One last thing. A few weeks ago somebody (I think you or Bryan) said on a post that the power of something is displayed by the effects it produces. This opened my eyes to see that the Catholic position on infused grace can actually illuminate God’s grace more powerfully than the Protestant position. The idea God’s grace causes us to participate in working out our own salvation opened my eyes to see all of my merits as gifts from God. I think this prevents self-righteousness. Why, if the Catholic position on grace is so strong, which I believe it is, do so many Catholics not get it?
Peace in Jesus, Jeremy
Dear Jeremy,
These are great questions. As to the first, I agree with you and Peter Kreeft in holding that the motivation to do good works derives primarily from love (charity) for God and neighbor, which is itself a gift of grace. This isn’t to say that a person could not be motivated to perform works of mercy, etc., for other reasons: recognition before men — in which case they get their rewards in full — or rewards from God other than the rewards of an increase in grace, charity, and loving communion with the Lord. (They could, in other words, have an overly mercenary approach to the thing, trying to rack up “points for the afterlife” like Weird Al says in that funny song.) So when we try to say what “the” motivation is for “good works” from “the” Catholic perspective, we need to be sensitive to the facts that (1) there’s a plurality of individual Catholics who may be motivated differently, (2) the same Catholic can be moved by different considerations at different times, and (3) there may be a complex of fine motivations for “good works” as well as some motivations that we would consider suspect. Since I’m inclined toward a virtue theory (in morality), I’d want to say that good works flowing from virtues or virtuous dispositions are on the up-and-up, and that good works flowing from the supernatural virtues (infused into our souls by the Lord) are ‘meritorious’, in a non-offensive sense of ‘meritorious’.

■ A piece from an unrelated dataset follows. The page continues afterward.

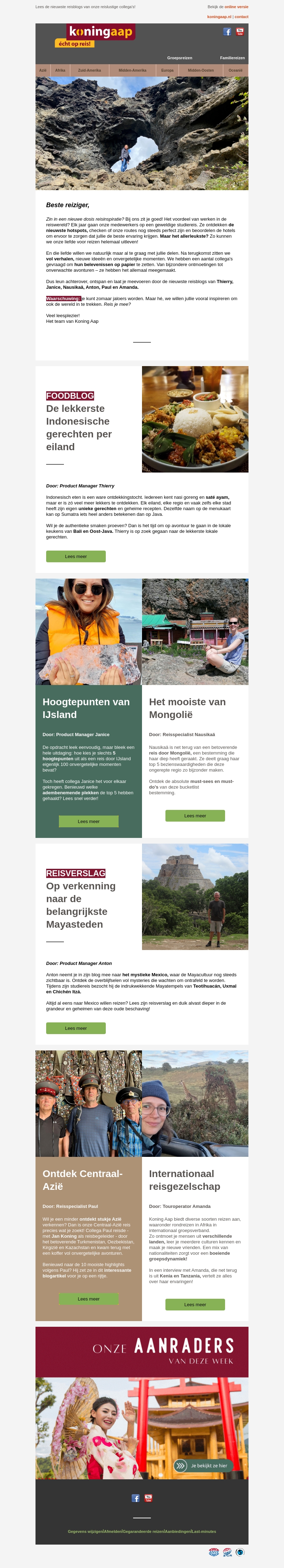 Lees de meest inspirerende reisverhalen en tips in onze nieuwste nieuwsbrief! Van de lekkerste Indonesische gerechten tot de hoogtepunten van IJsland, er is voor ieder wat wils. Ontdek ook meer over de belangrijkste Mayasteden en krijg tips voor reizen in Azië met een internationaal reisgezelschap.
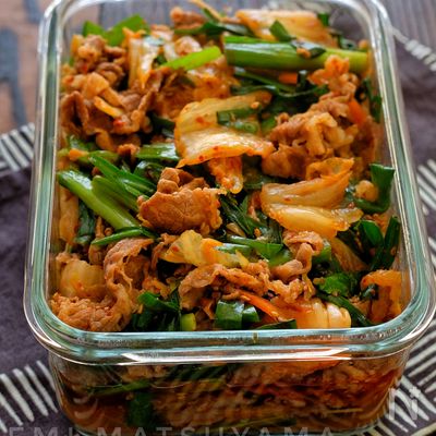 長い夏休み始まりましたね🌻, お昼ご飯って毎回悩むけど、少しでも参考になれば嬉しいです♡, ゆる〜く頑張ろう💪, ・, @minae412◀︎こどもごはん、子供が喜ぶ簡単スイーツレシピをのせてます♡, ・,材料 , 豚肉細切れ300g 牛肉でも , ⚫︎醤油、酒大さじ1,⚫︎にんにくチューブ適量, ★醤油 大さじ2, ★酒 大さじ2, ★オイスターソース大さじ1,。

What about the typical Catholic in the pew? Here, Jeremy, I have to admit I’m still getting a feel for things. When I was outside the Church, I took it for granted that the typical Catholic was merely a nominal, ‘cultural’ Christian, was pretty ignorant about their religion, and was maybe involved in externally laudible “works” so that they could “earn” their way to heaven, but was not “inwardly” attuned to God in any personal way. I guess this picture that I had derived mostly from my bias and contempt for the Catholic Church, and also from the fact that I did not (by design) rub elbows with any real live Catholics. What I have come to see, now, is that things are nowhere near that bad in the typical parish. (Allowing for my still limited experience.) Does catechesis need improving? Absolutely. Can homilies be pretty bland? Yep. Are some Catholics motivated to do “good deeds” so as to place God under obligation to reward them for pulling themselves up by their bootstraps? Probably so, though I myself haven’t had a Catholic come up and tell me that before.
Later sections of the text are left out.